Three sacred buddha images are displayed in the sides. The figure in the right is Seung-hyung, holding a long monk staff with both of his hands and the other figure in the left is Si-wang, one of the ten judges in the afterlife (according to Buddhist belief) who receives a box with his hands and crown around his head. From ancient times, this work has been called Ji-gil-sang-suk-ga, but its unique content, which has no origin, is believed to have some connection to Ji-jang-si-wang-gyung and China's fables within do-myung paintings. According to documents in China, the Ji-jang figure found in the Buddhist realm of Chinese and Japanese history is actually Kyo-gak Kim, who lived during China's Tang Dynasty and was a well respected teacher of Silla Dynasty.
In fact, according to nearly three hundred classic and modern literature records of China including Gu-hwa-san-ji and Sejo-jang-mun-hwa, Priest Kyo-gak Kim was born in July 15, 695 A.D. as the eldest son of Sung-duk-wang, who was the 33rd Emperor of Silla Dynasty. In 716 A.D., when Kim was 21 years old, he crossed over to Tang where he attained his Buddha-hood in Gu-hwa-san and later died in July 30, 794 A.D. at the age of 99. It is written in the literature records that Kim crossed over to Tang with a large Sapsaree in a sailing boat. Later, he settled in Ahn-hwee-sung, where he taught rice farming techniques. It is said that in the Buddhist shrine where Kim and his Sapsaree together performed penance, there are seven story high stone pagoda, a conservation palace that contains the body of Ji-jang, and a statue of Ji-jang riding on a Sapsaree dog, as well as many other precious keepsakes.

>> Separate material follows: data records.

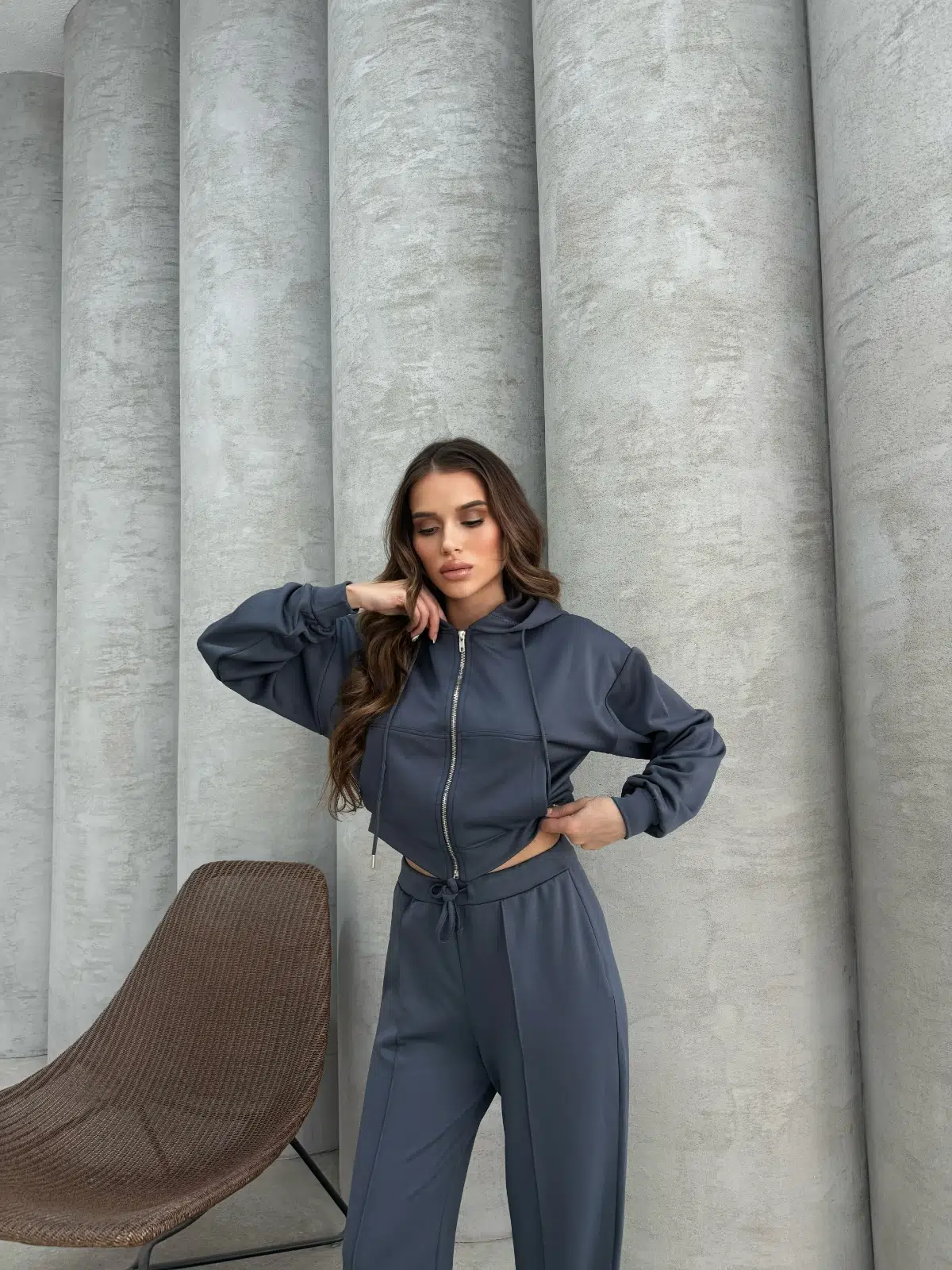 • Üst kısmı fermuarlı ve kapüşon detaylı, alt kısmı ise bağcıklı ve bol paçalı kesime sahiptir.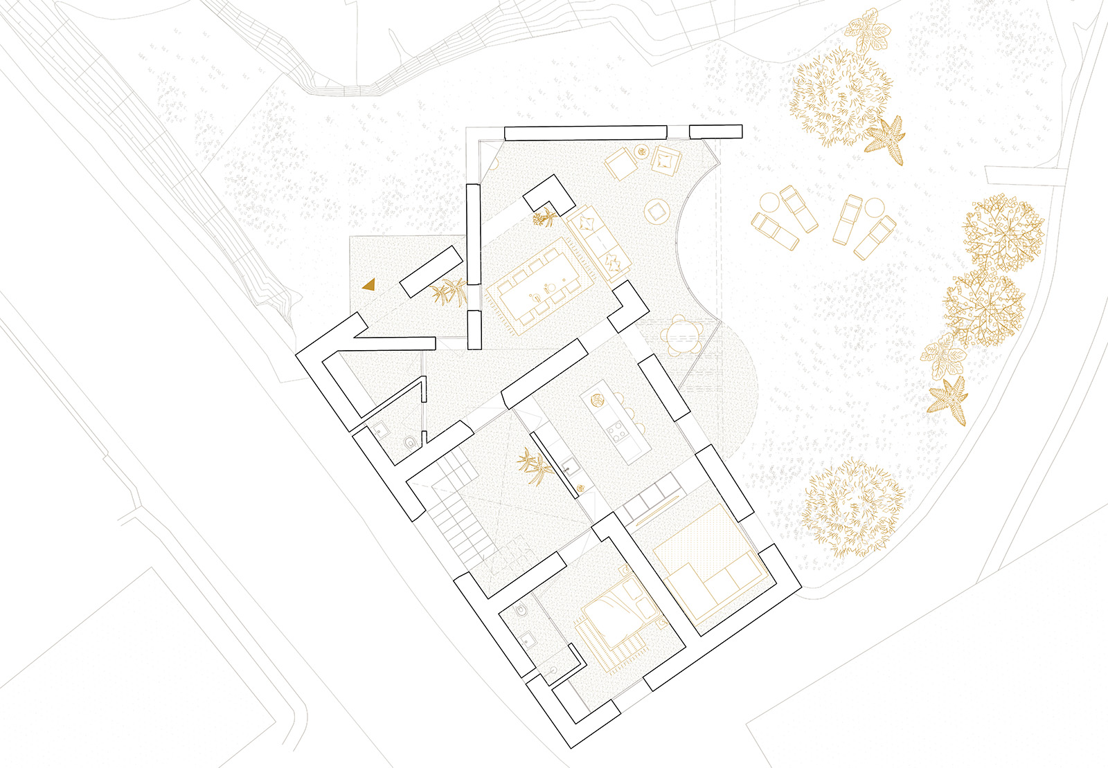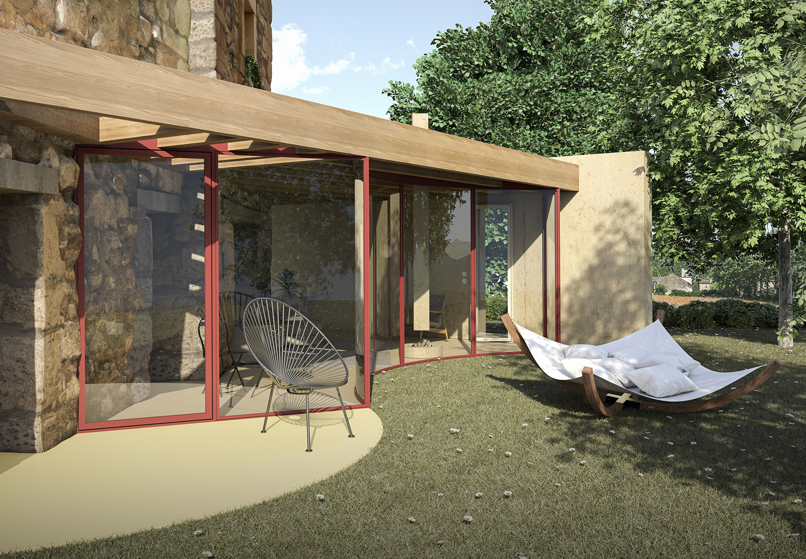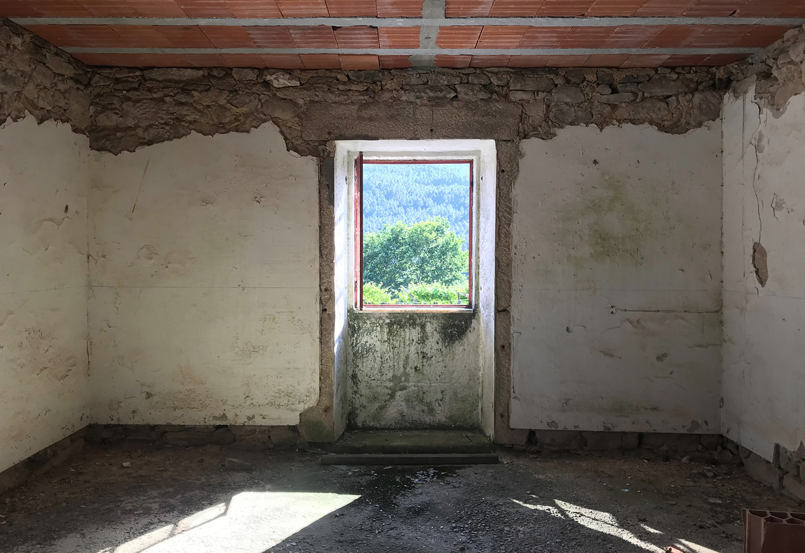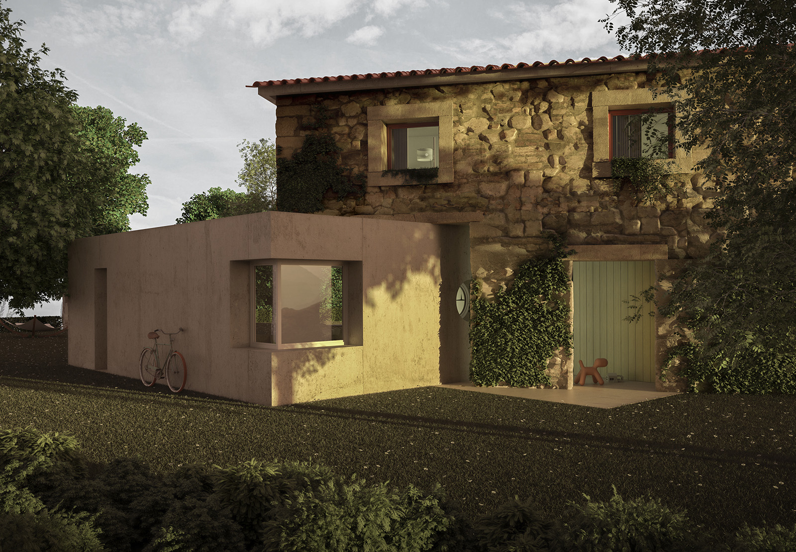 A new room in 90 degrees Dois elementos maciços invadem uma construção existente como catetos, roubam-lhe massa e deixam-na liquidificar na relação com o exterior.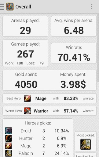 Hearth Arena Stats is an unofficial Hearthstone game app that helps players track and review Their efforts in the Arena.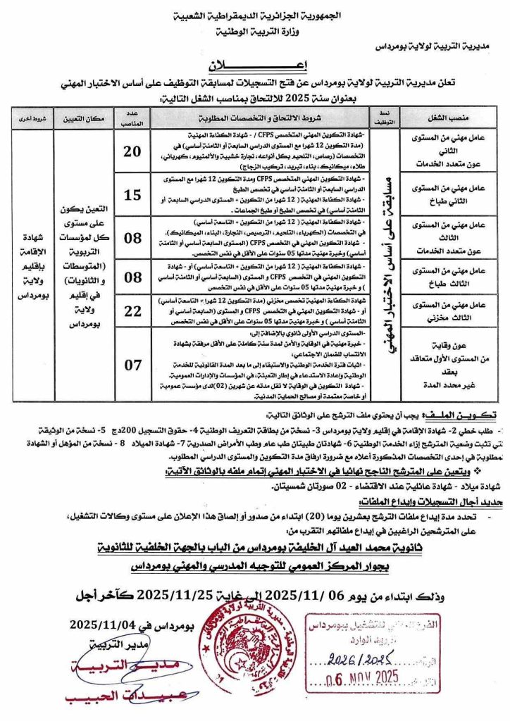 تعلن مديرية التربية لولاية بومرداس عن فتح التسجيلات لمسابقة التوظيف على أساس الاختبار المهني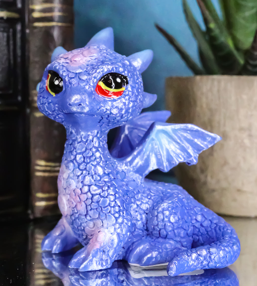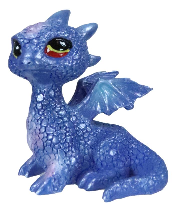 • This Saphir Baby Dragon is made of polyresin, hand painted and polished individually. • This Saphir Baby Dragon measures 2.5" High, 2.25" Wide and 1.75" Deep. It weighs about 2 ounces. • Babies of practically any species are cute, and dragons are no exception to that fact. This Saphir Baby Blue Dragon Statue is proof of that point, as it depicts a youthful dragonling with vivid blue scales that is barely out of its shell. Likely named after the sapphire for its rich blue tone, this dragon statue features fine detailing that makes every scale visible. And its wide colorful eyes and innocent expression only enhance its cuteness and appeal. • Props in photos are not included with the item.

However, the pictures of Sasparees that were drawn during the Koryo Dynasty intentionally drew Sapsarees as unrealistic in order to depict them as mystical and arcane. The unique traits that are found in the face of Sapsarees commonly appearing in the Chosun Dynasty paintings include Goblin eyes, fist-like nose, large canine jaws, and drooping long-haired ears. A metal collar around the figure's neck implies that it is a dog, and all of the body areas excluding the face and armpit are drawn as bare skin. It was drawn this way to emphasize the mystical trait of Buddhist paintings. In other words, the dog was drawn and modified to look like a mystical dog that does not exist in the real world. No doubt this is a very interesting portrait of a dog that appears in Buddhist art.
It appears that dogs with long hair were recognized as a substitute for a lion and, consequently, considered as valuable in the high society of the Eastern Buddhist culture from long time ago.
The long-haired Tibetan Terrier of Tibet resembling the Sapsarees was considered valuable in the Lama Temple, so it earned the nickname of "Lion Dog" as it was believed to drive away ghosts.
During the Tang Dynasty, a small-size Chinese dog named Pekinis, whose nickname was "Golden Lion Dog," could only be raised by the royal family. Moreover, this long-haired dog, which is of Tibet origin, is known to have a blood-relationship with other Tibet dogs such as Rassaabso and Shitzu and thought to have been spread to China. The Ching Dog of Japan is known to have originally been a long-haired dog of Tibet that crossed over to Japan from China during the late 7th century. As expected, the Ching Dog was also considered an exclusive property that was enjoyed by the aristocratic society.
The oral tradition of long-haired dogs of the Unified-Silla period, particularly the Sapsarees, being raised only in royal palaces in the Gyeong-ju region and the relationship between the Priest Kyo-gak Kim, who was of the royal family, respected by both the Chinese and Japanese for being incarnation of Ji-jang-bosal and Sapsarees add to the credibility.
It is very interesting that the pet-raising culture of the three transoceanic nations (China, Japan, and Korea), which were influenced by religious ideology of Buddhism, can be learned through the Sapsaree, Lion dog.